While total fruit consumption was stable, whole fruit increased by 25.7% (+0.15 servings/d), while 100% fruit juice decreased by 25.9% (−0.11 servings/d) (Figure 1). Similarly, while no change was evident in total vegetables, consumption of dark-green leafy vegetables (e.g., kale/broccoli) and red/orange vegetables (e.g., carrot/red pepper) increased by 34.9% and 22.8% respectively (0.04 and 0.02 servings/d), while consumption of white potatoes (including fried potatoes) decreased by 17.2% (0.07 servings/d). Excluding starchy vegetables (e.g., potatoes, corn, peas), vegetable consumption increased non-significantly by 9.1%, or 0.10 servings/d (P-trend=0.056).
Figure 1.
Trends in mean consumption of fruits (Panel A), vegetables (Panel B), grains (Panel C), and nuts/seeds, legumes and eggs (Panel D) among US adults, based on NHANES data from 1999 to 2012. All values energy-adjusted to 2000 kcal/d using the residual method. Serving sizes: fruits, vegetables, legumes: 1 cup; grains, nuts/seeds, eggs: 1-oz equivalents.

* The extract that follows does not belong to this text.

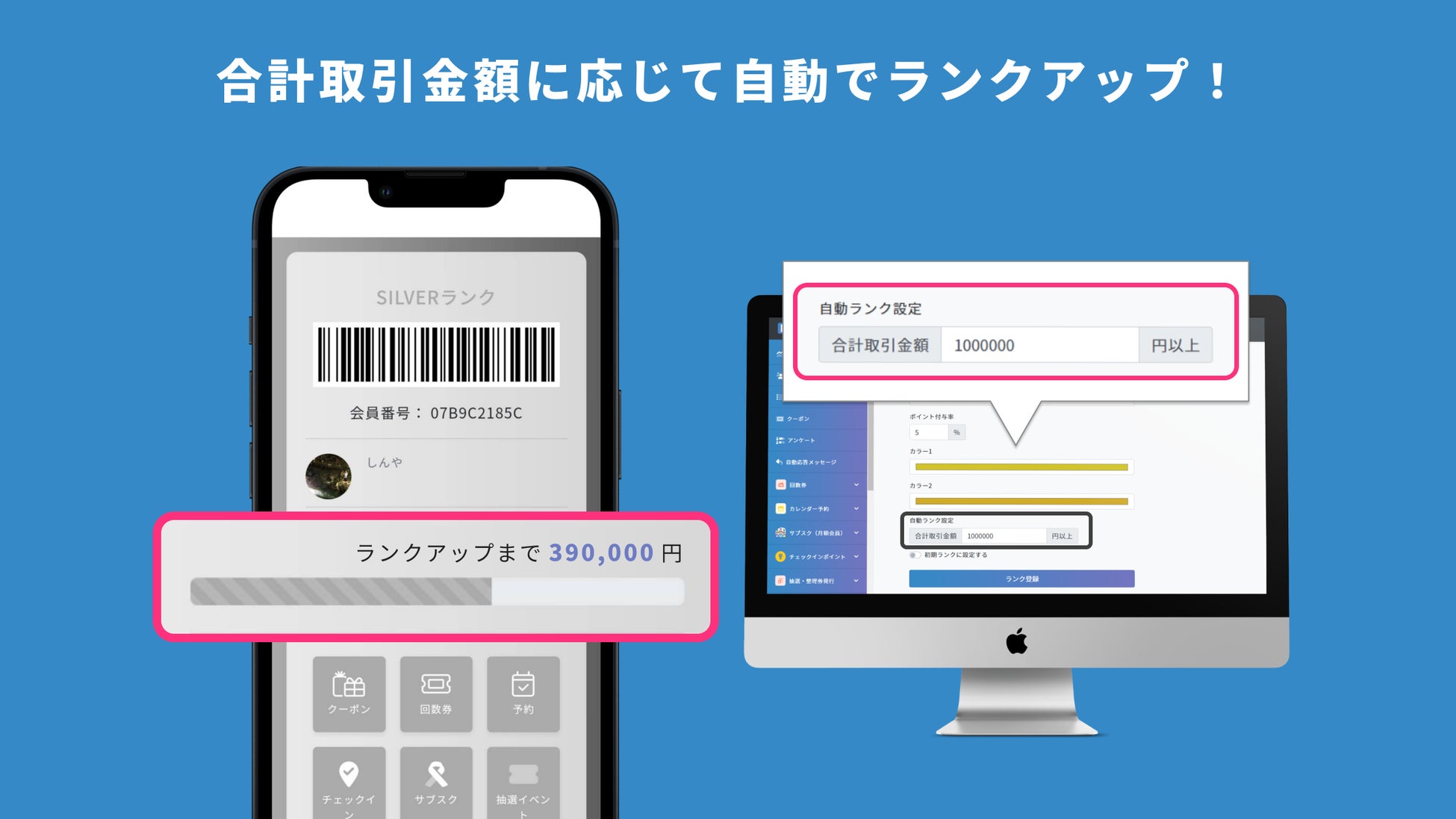 - 合計取引金額に応じて自動ランクアップが可能に!

From 1999–2000 to 2011–2012, whole-grain consumption increased by 77.0% (from 0.56 to 1.00 servings/d), while refined grain consumption slightly declined from 5.49 to 5.32 servings/d (Figure 1). Nut consumption increased by almost 60% (+0.25 servings/d), and egg consumption by 16.0% (+0.07 servings/d). No change in legume consumption was evident.

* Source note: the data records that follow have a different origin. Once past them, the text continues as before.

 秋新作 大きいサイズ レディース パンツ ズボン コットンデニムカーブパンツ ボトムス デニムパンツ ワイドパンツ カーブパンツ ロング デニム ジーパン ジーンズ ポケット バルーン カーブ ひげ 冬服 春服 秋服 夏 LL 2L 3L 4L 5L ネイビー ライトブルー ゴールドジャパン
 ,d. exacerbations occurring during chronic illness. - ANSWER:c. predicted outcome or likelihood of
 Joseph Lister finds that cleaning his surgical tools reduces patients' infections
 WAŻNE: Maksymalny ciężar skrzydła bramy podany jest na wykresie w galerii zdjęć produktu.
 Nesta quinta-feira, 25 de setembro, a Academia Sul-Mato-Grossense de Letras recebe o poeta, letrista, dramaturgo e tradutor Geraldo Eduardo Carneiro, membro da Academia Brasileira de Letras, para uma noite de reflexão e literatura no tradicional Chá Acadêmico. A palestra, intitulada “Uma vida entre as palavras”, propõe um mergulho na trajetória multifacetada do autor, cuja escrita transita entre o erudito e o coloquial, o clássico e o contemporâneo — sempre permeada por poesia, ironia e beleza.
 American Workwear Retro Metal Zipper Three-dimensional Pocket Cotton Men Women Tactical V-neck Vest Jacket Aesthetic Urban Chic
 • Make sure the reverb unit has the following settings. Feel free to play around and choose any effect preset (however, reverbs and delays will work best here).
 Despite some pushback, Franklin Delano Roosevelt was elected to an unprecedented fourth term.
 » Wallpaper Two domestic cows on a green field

Among meats, intakes of both unprocessed red and processed meats were stable, while intake of poultry increased by 9.8% (0.37 to 0.41 servings/d) (Figure 2). Seafood consumption increased by 16.0% (0.16 to 0.19 servings/d), largely due to greater intake of white fish/shellfish lower in omega-3’s (<500 mg per 3 oz).
Figure 2.
Trends in mean consumption of meats and seafood (Panel A), dairy (Panel B), added sugars, sugar-sweetened beverages, and low/non-calorie sweetened beverages (Panel C), and dietary fats (Panel D) among US adults, based on NHANES data from 1999 to 2012. Values in Panels A-C are energy-adjusted to 2000 kcal/d using the residual method. Serving sizes: meats, seafood: 3.5-oz equivalents; dairy: 1 cup; sugar-sweetened or low-calorie beverages: 8 fluid oz. PUFA=polyunsaturated fatty acid, MUFA=monounsaturated fatty acid, SFA=saturated fatty acid.
Intake of total dairy was stable, yet with notable heterogeneity by subclass (Figure 2). Milk consumption decreased by 21.6% (0.19 servings/d), while cheese and yogurt increased by 27.5% and 68.3%, respectively (+0.15 and +0.03 servings/d). SSB intake decreased by 28.3% (−0.49 servings/d), while intakes of low/non-caloric sweetened beverages were stable overall. Consistent with reduced SSBs, intake of added sugars decreased by 21.6% (−4.4 tsp/d).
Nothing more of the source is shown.